- **DATA EXCERPT**:
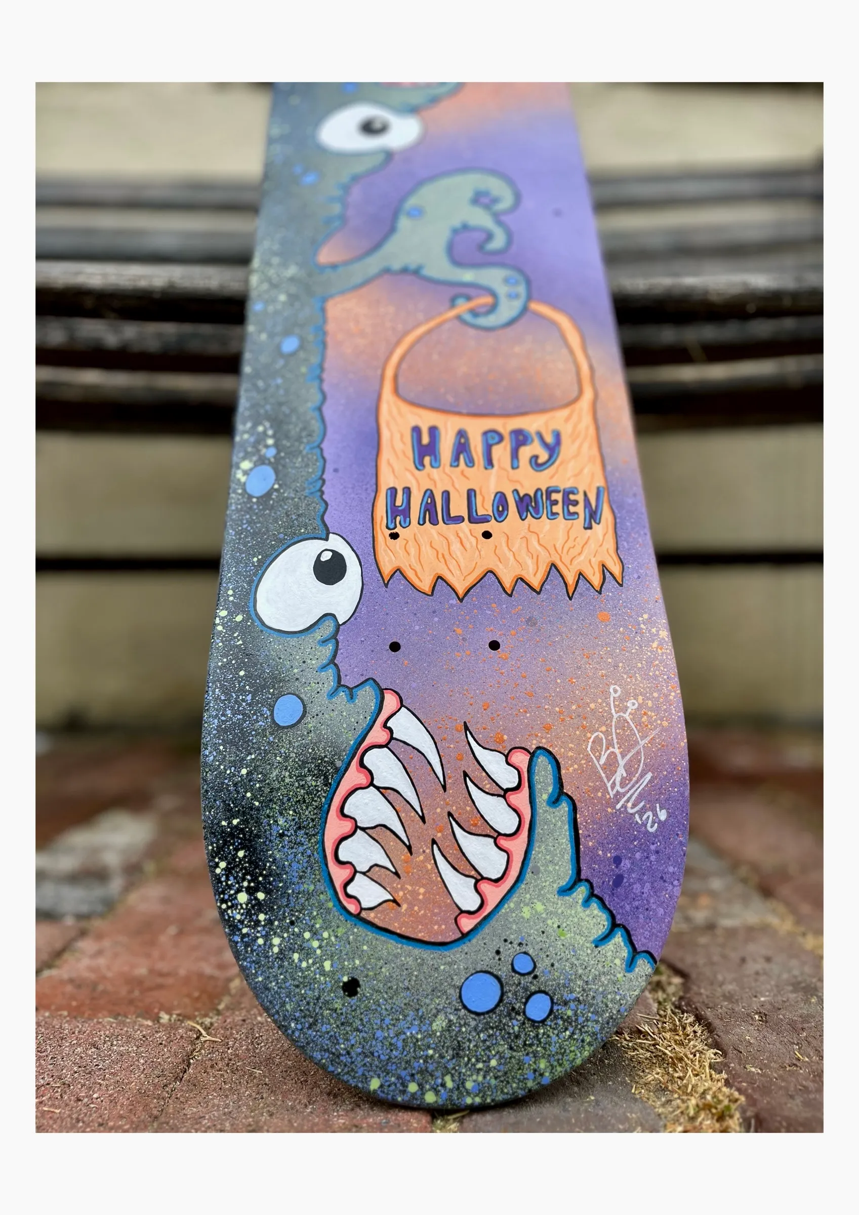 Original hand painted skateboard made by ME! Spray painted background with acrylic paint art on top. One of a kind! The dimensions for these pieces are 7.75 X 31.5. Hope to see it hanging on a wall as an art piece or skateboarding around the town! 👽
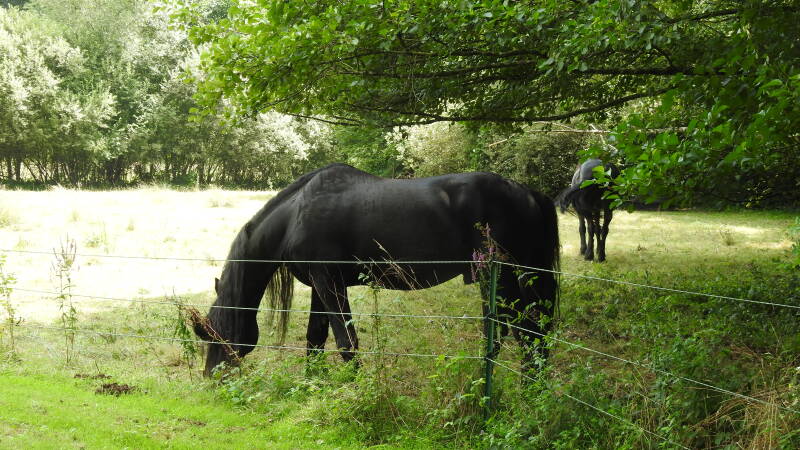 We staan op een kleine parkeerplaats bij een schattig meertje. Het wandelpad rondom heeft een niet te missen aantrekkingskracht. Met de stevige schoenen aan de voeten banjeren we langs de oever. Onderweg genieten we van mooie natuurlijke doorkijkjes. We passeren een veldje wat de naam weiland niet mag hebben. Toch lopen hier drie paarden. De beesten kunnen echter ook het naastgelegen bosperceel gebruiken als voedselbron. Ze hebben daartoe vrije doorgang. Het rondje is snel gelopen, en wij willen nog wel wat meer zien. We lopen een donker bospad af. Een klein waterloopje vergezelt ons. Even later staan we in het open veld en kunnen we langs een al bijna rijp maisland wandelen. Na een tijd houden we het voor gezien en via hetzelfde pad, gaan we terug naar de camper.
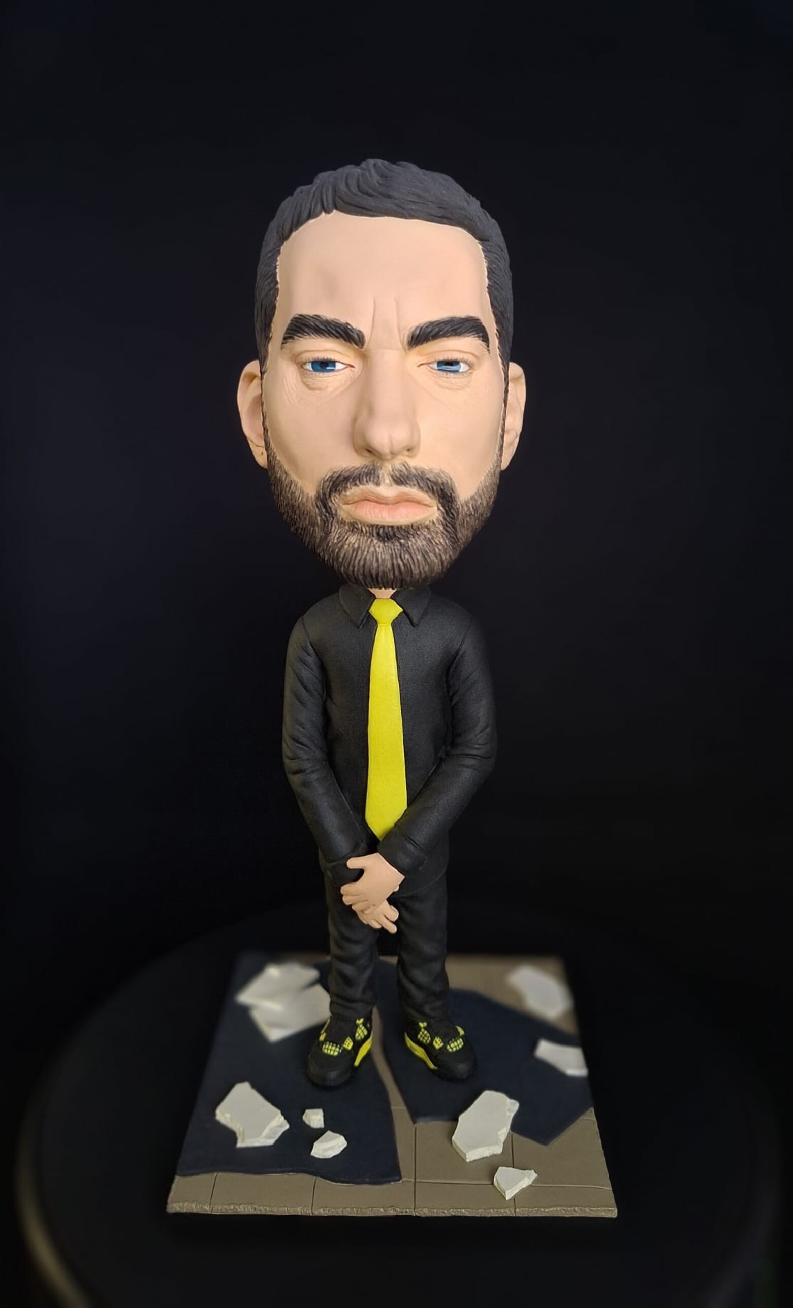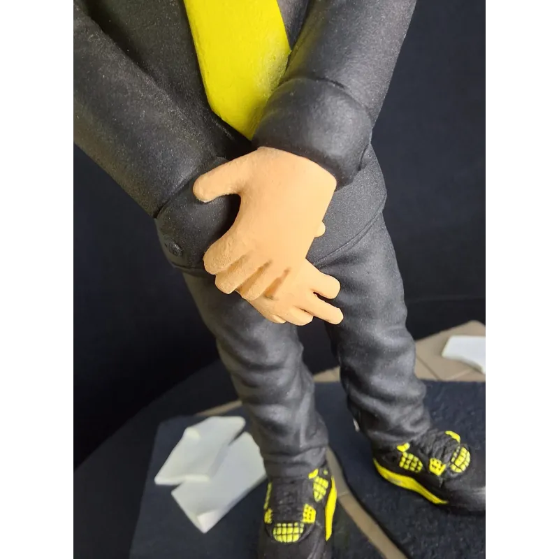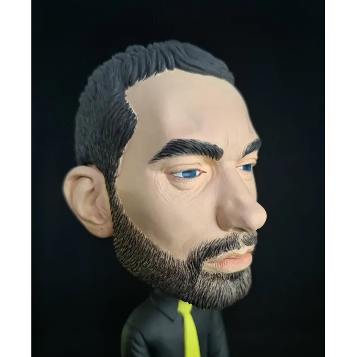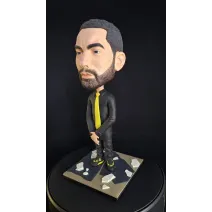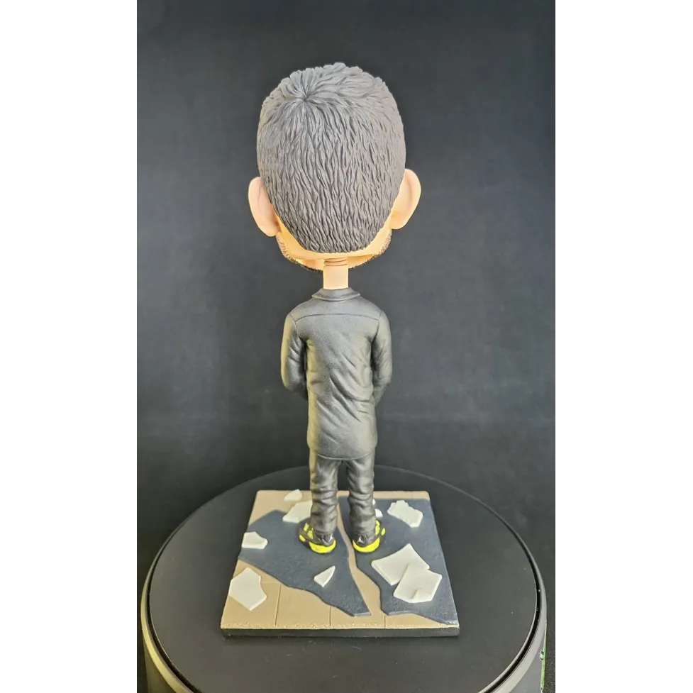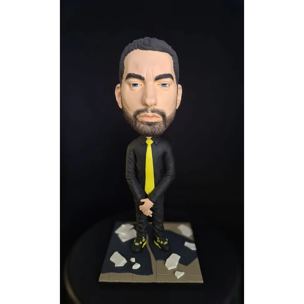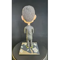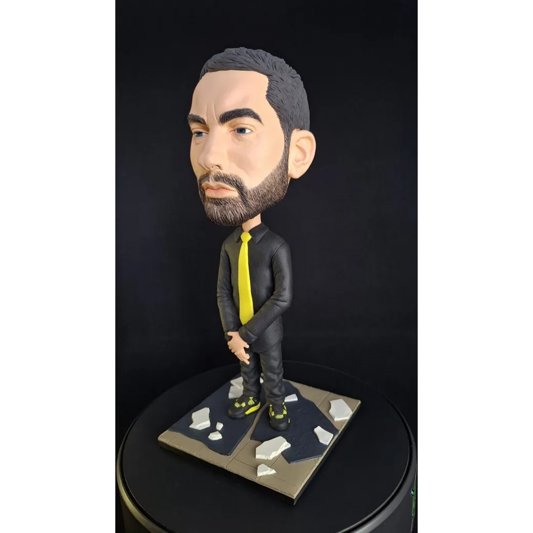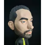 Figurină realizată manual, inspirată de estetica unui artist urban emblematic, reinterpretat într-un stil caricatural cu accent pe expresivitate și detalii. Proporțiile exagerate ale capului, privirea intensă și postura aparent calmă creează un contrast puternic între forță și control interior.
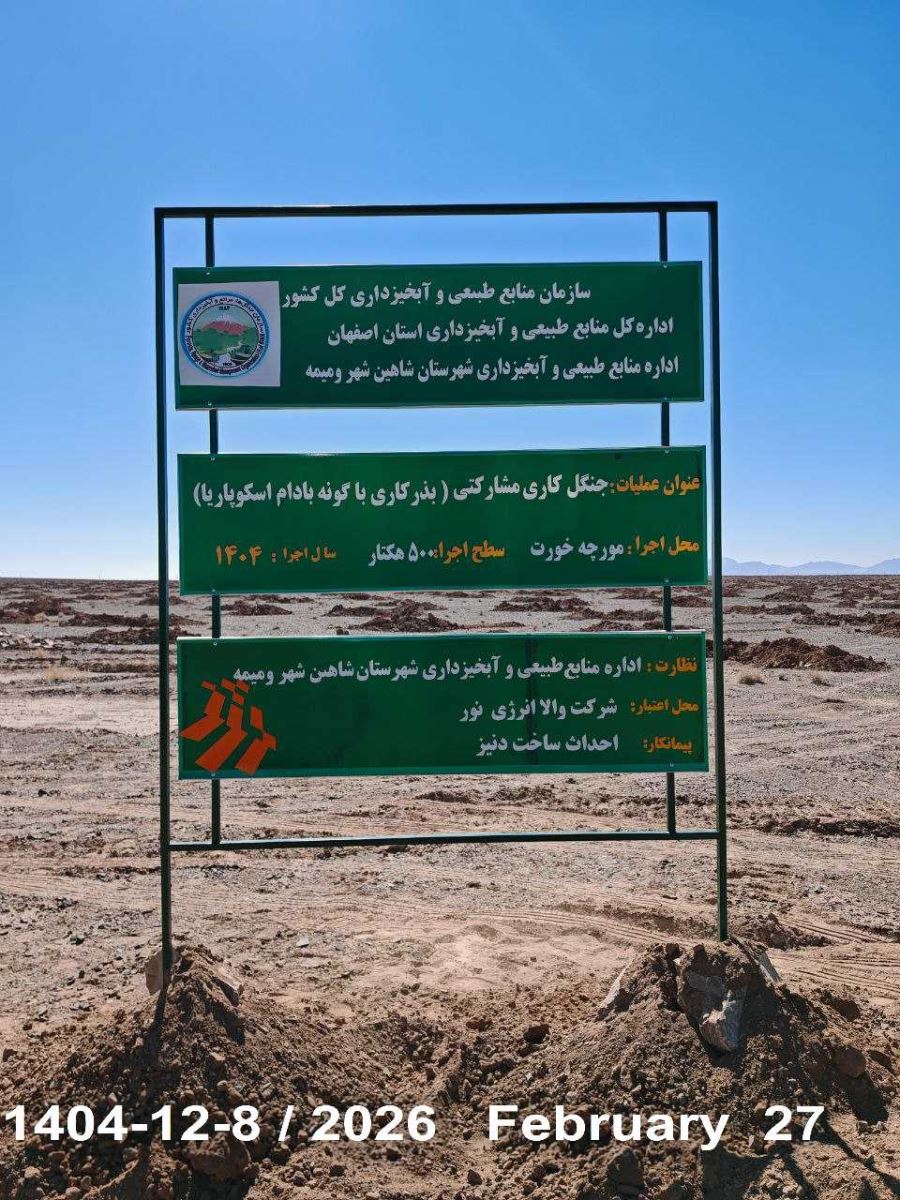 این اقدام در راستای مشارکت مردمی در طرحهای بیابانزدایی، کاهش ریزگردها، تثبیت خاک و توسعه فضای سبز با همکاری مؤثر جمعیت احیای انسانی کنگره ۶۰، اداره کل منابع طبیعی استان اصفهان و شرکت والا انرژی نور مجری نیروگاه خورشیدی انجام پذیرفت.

- **DESCRIPTION OF THE TASK**: Every line from the start of the material through the line holding "We staan op" must be returned exactly, and the pictures must not.

- **EXERCISE RESPONSE**:
 Original hand painted skateboard made by ME! Spray painted background with acrylic paint art on top. One of a kind! The dimensions for these pieces are 7.75 X 31.5. Hope to see it hanging on a wall as an art piece or skateboarding around the town! 👽
 We staan op een kleine parkeerplaats bij een schattig meertje. Het wandelpad rondom heeft een niet te missen aantrekkingskracht. Met de stevige schoenen aan de voeten banjeren we langs de oever. Onderweg genieten we van mooie natuurlijke doorkijkjes. We passeren een veldje wat de naam weiland niet mag hebben. Toch lopen hier drie paarden. De beesten kunnen echter ook het naastgelegen bosperceel gebruiken als voedselbron. Ze hebben daartoe vrije doorgang. Het rondje is snel gelopen, en wij willen nog wel wat meer zien. We lopen een donker bospad af. Een klein waterloopje vergezelt ons. Even later staan we in het open veld en kunnen we langs een al bijna rijp maisland wandelen. Na een tijd houden we het voor gezien en via hetzelfde pad, gaan we terug naar de camper.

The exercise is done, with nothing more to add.